Whirlpool ogłosił zamknięcie zakładu w Neapolu, ale neapolitański zakład nie jest jedynym, w którym nie przestrzegano umowy ramowej. Realizacja planu przemysłowego pozostaje daleko w tyle: wiele obiecanych wolumenów nie zostało wysłanych, liczba pracowników maleje, zachęca się ich do dobrowolnego zwolnienia się z miejsca pracy - wyjaśnia Sputnikowi Italia Claudia Ferri, koordynatorka Fiom (Federacji pracowników metalurgicznych).
Pracowników niepokoi fakt, że firma przenosi biura i miejsca pracy do Europy Wschodniej.
Lokalizacja centrów decyzyjnych jest sprzeczna z uzasadnieniem umowy podpisanej z rządem w sprawie ponownego uruchomienia, czyli strategicznej centralności Włoch na obszarze EMEA. Wielu obawia się, że przywódcy podpisali umowę z zamiarem zamknięcia fabryk.
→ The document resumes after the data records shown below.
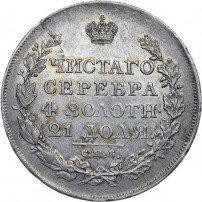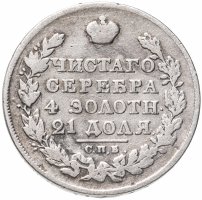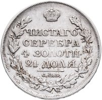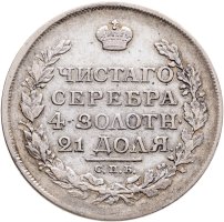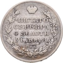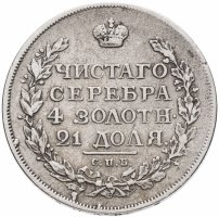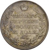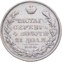 Монетная реформа 1810 года кардинально изменила медную линейку. Серебро тоже ожидали перемены. В монетный ряд вернулись 5 и 20 копеек, а на обороте крупных номиналов в центре стали указывать содержание чистого металла: «ЧИСТАГО СЕРЕБРА 4 ЗОЛОТН. 21 ДОЛЯ». Более информативной стала и вдавленная надпись на гурте: «СЕР. 83 1/3 ПРОБЫ 4 ЗОЛ. 82 14/25 ДОЛИ». При этом вес монеты остался прежним, а диаметр уменьшился до 35,5 мм. В каталогах рубли этого типа дополняют указанием «орёл с поднятыми крыльями», так как на золоте с 1817 года используется другой вариант герба – «орёл с опущенными крыльями» (или «масонский орёл»). За этот период известны три типа герба, различающиеся размером короны и скипетра, а также длиной хвоста орла. В коллекцию также включена монета, на гурте которой ошибочно указано «28 14/25» (вместо «82 14/25»).
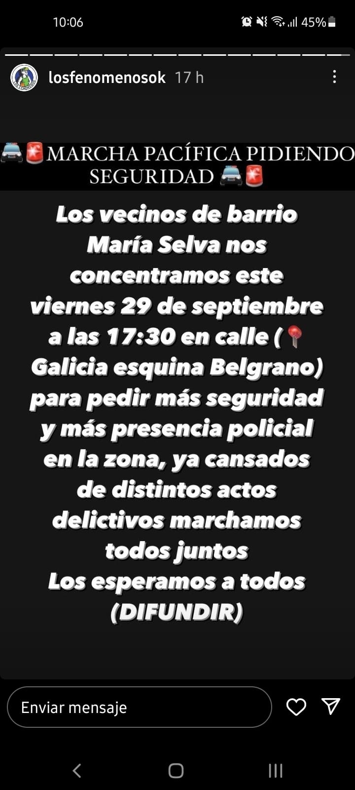 En la misma línea, vecinos autoconvocados de María Selva anunciaron por redes una concentración para la tarde de este viernes.
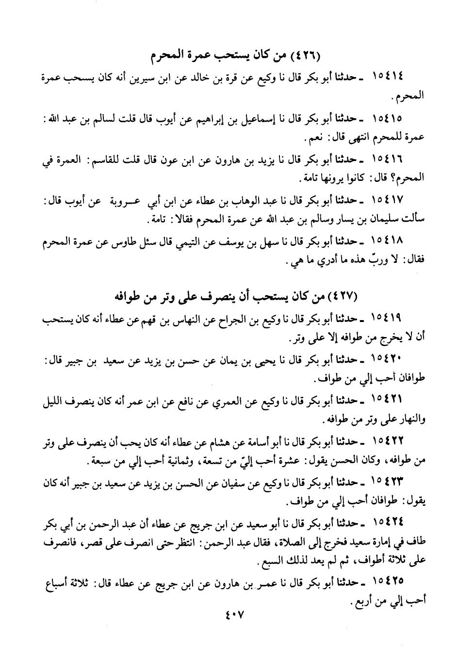 15421 - أَبُو بَكْرٍ قَالَ: نا وَكِيعٌ، عَنِ الْعُمَرِيِّ، عَنْ نَافِعٍ، عَنِ ابْنِ عُمَرَ أَنَّهُ كَانَ: «§يَنْصَرِفُ اللَّيْلَ وَالنَّهَارَ عَلَى وِتْرٍ مِنْ طَوَافِهِ»
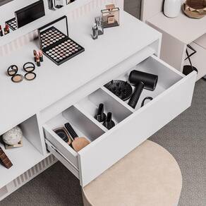 Compacta, moderna e funcional a Penteadeira Camarim Eva é um produto com o toque de delicadeza que faltava no seu cantinho, para organizar e facilitar seu dia a dia mantendo tudo sempre bem arrumadinho! Com detalhes que encantam. Dimensões do Bancada Suspensa: Altura: 23,5 cm Largura: 90 cm Profundidade: 32 cm Largura do Nicho: 26,5 cm Peso Total: 16 kg Dimensões do Suporte com Espelho: Altura: 35 cm Largura: 90 cm Dimensões do Espelho: 25 x 57 cm Especificações do Produto: Estrutura: MDP Acabamento: Pintura BP Peso Suportado: 20 Kg distribuídos Possui Nicho: Sim Possui Espelho: Sim Possui Portas: Sim Quantidade de Portas: 1 Porta Possui Prateleiras: Não Tipo da Penteadeira: Suspensa Possui Pés: Não Diferenciais: Design moderno Manual de Montagem: Sim Complexidade da Montagem: Média Montagem: Recomendamos que seja feita por um profissional Garantia: 90 dias contra defeito de fabricação Instruções de Limpeza: Utilizar um pano limpo e levemente úmido Você irá Receber: 01 Penteadeira Camarim Entregue em: 01 Volume
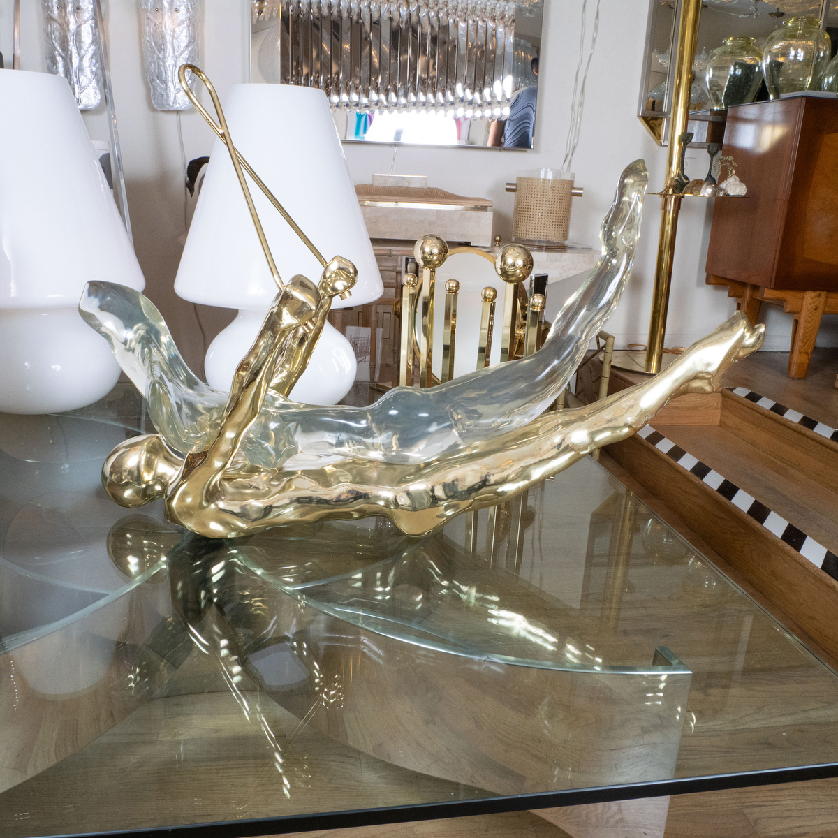 Brass and lucite swinging gymnast sculpture
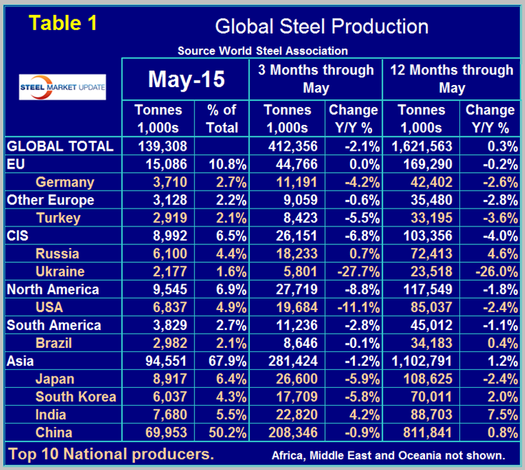 We are again publishing the latest World Steel Association Short Range Outlook forecast for apparent steel consumption in 2015 and 2016. As we stated last month the forecast for 2015 looks optimistic and that is increasingly the case, (Table 2). (Note this forecast is steel consumption, not crude steel production which is the main thrust of what you are reading now.) WSA are forecasting a 0.5 percent growth in demand this year followed by 1.4 percent in 2016.
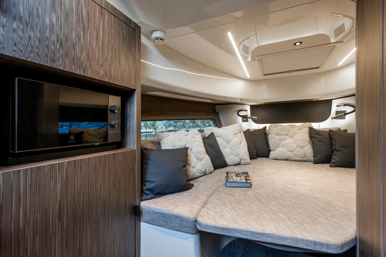 The helm station is elegant, minimalist and high-tech, with perfect visibility. The instruments ensure great safety and control of the boat: joystick, bow thruster, Volvo Penta digital indicators, Garmin display, autopilot and much more.

„Nasze zaniepokojenie nie jest wywołane tylko i wyłącznie alarmem, który rozpoczął się w Neapolu, ale faktem, że firma nie realizuje inwestycji i polityki handlowej przewidzianych w umowie z rządem” - powiedziała Sputnikowi Italia koordynatorka Fiom.





31 maja 2019 r. ogłoszono zamiar zamknięcia fabryki w Neapolu, która zgodnie z planami miała być centrum produkcyjnym EMEA dla wysokiej klasy pralek, na które firma przeznaczyła 17 milionów. 29 stycznia 2020 r., po miesiącach negocjacji z rządem, ogłoszono decyzję o zamknięciu fabryki do końca 2020 r.
Kierownictwo zapewnia, że wstrzymanie produkcji dotyczy tylko Neapolu, ale pracownicy i związki zawodowe obawiają się, że „staną w obliczu procesu, który rozpoczyna się w Neapolu, a rozszerzy się na wszystkie zakłady”, wyjaśnia Rosario Rappa, sekretarz Fiom w Neapolu.
Podobna sytuacja ma miejsce również w miastach Comunanza i Siena. „Fabryka ma obawy. Uważamy, że po ostatecznym zamknięciu zakładu w Neapolu firma nie zawaha się przed niczym. Jeśli nie zapobiegnie się procesowi, który rozpoczął się w Neapolu - który jest kluczowym - najprawdopodobniej pozostanie tylko fabryka w Varese, z filią w Polsce” - powiedział Sputnikowi Italia Gianni Lanciotti.